7.2 Analysis of Superior Trees (500 Turns)

Similiar to some previous trees, tree 6 (Fig. 6) will mostly perform melee attacks. If many allied agnets are nearby, they might stay in cover. Nevertheless, as fields providing cover are limited, some agents will continue to attack.

Fig. 6.

Tree 6–500 rounds, run 1, score: 34

In contrast, tree 7 (Fig. 7) displays a new approach: the team will split up and try to reach the enemy’s flag as fast as possible.

Fig. 7.

Tree 7–500 rounds, run 2, score: 49

Tree 8 (Fig. 8) will likely resort to melee attacks as well. However, if HP are low, ranged attacks are more likely.

Fig. 8.

Tree 8–500 rounds, run 3, score: 61

Tree 9 (Fig. 9) displays a more balanced behavior. Agents peform both melee and ranged attacks, except in case of many nearby enemies, which lead to a retreat towards the own flag. This trees displays strategic, team-based behavior and scores highest during execution with 500 rounds and its high score is only topped by one tree in the 1000 round scenario.

Fig. 9.

Tree 9–500 rounds, run 4, score: 69

7.3 Analysis of Superior Trees (1000 Rounds)

Tree 11 (Fig. 10) and tree 12 (Fig. 11) display well known patterns resulting in melee attacks. Amount of ammunition never lowers, as agents never shoot and the distance to the flag will always be less than 14.

Fig. 10.

Tree 11–1000 rounds, run 1, score: 50

Fig. 11.

Tree 12–1000 rounds, run 2, score: 75

Tree 13 (Fig. 12) also mostly results in melee attacks. If many enemies are nearby, agents will constantly reload ammunition until other allied agents have dealt with aforementioned enemies.

Fig. 12.

Tree 13–1000 rounds, run 3, score: 60

On first inspection, tree 14 (Fig. 13) might favor “move” and “reload” actions. However, due to the randomized definition of “near”, the leaf node instructing agents to peform a melee attack instruction can be reached and lead to a victory for the team.

Fig. 13.

Baum 14–1000 rounds, run 4, score: 56

Tree 15 (Fig. 14) displays a more differentiated behavior. As long as enemies are not nearby, agents will move towards them based on the “Melee Enemy” instruction. Otherwise, agents attack enemies depending on whether they are in cover. If enemies are not in cover, agents shoot them. In case enemies are in cover agents resort to melee attacks, which do more damage to enemies in cover.

Fig. 14.

Tree 15–1000 rounds, run 5, score: 53

8 Conclusion

There is a clear trends towards “simple” trees, which are somewhat obfuscated by hardly traversed branches. Further work might take a closer look on these rarely visited branches and nodes and deliver further insights. Furthermore, trees could be refined by reordering nodes, as suggested by Utgoff et al. [10]. This helps to address the issue of branches that could not be reached previously.

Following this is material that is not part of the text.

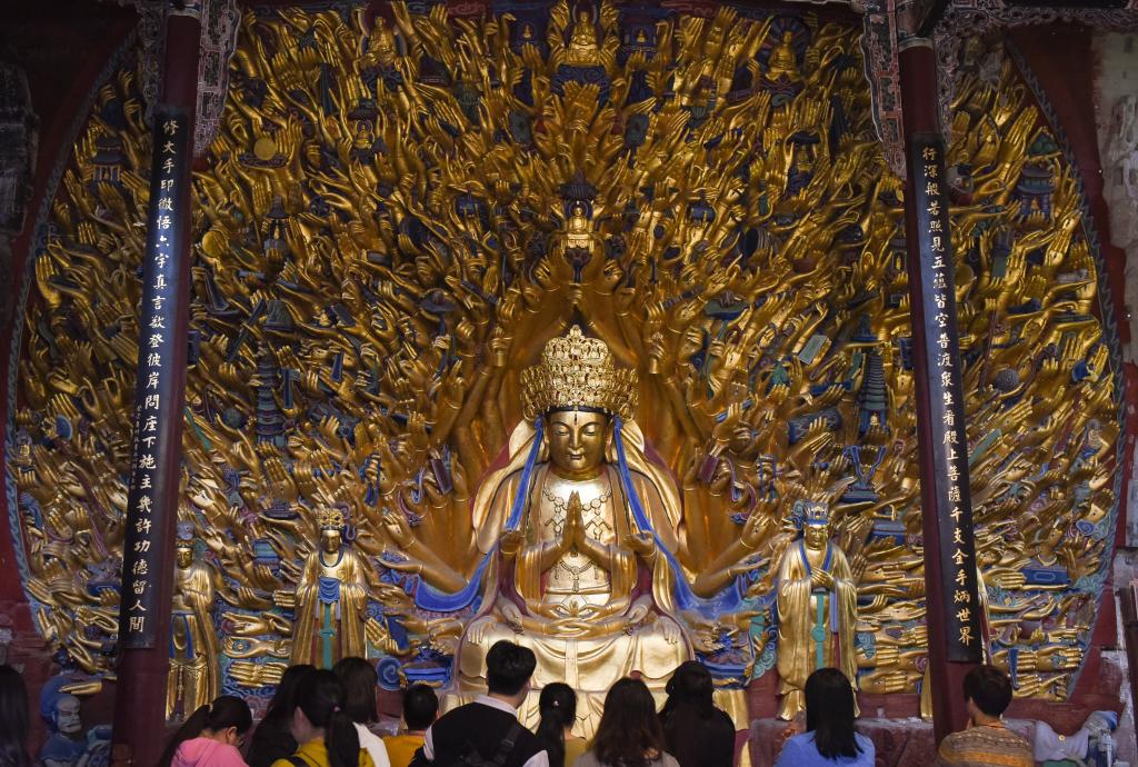 1952年,大足石刻文物保護(hù)機(jī)構(gòu)成立,開始系統(tǒng)科學(xué)保護(hù)大足石刻。當(dāng)年,北山石刻保護(hù)長廊啟動建設(shè),北山石刻上方加蓋了擋雨的頂棚;1961年,北山、寶頂山摩崖造像成為第一批全國重點文物保護(hù)單位;1999年,大足石刻被列入《世界遺產(chǎn)名錄》;2015年,全國石質(zhì)文物保護(hù)一號工程——大足石刻千手觀音造像搶救性保護(hù)工程竣工;2019年,《大足石刻全集》出版,填補(bǔ)了國內(nèi)石窟寺編寫出版大型考古報告的空白……
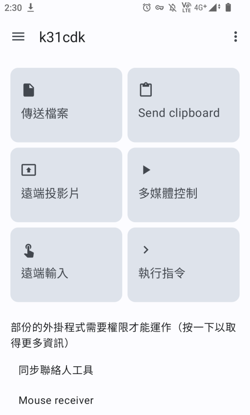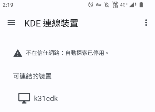 由於KDE Connect APP預設會一直掛在Android背景,日後只要開啓手機上的VPN,KDE Connect就會自動與電腦連線。

If actions can not be performed, resorting to more suitable, alternative actions leads to lesser draws. However, this also favors rather simple trees performing the same action repeatedly. Randomly generated trees also often feature branches that cannot be reached, leading to frequent traversal of branches featuring effortless and simple actions in their leaf nodes. These trees are also more likely to be generated during early stages and thus, pass on this behavior to other trees learning from them.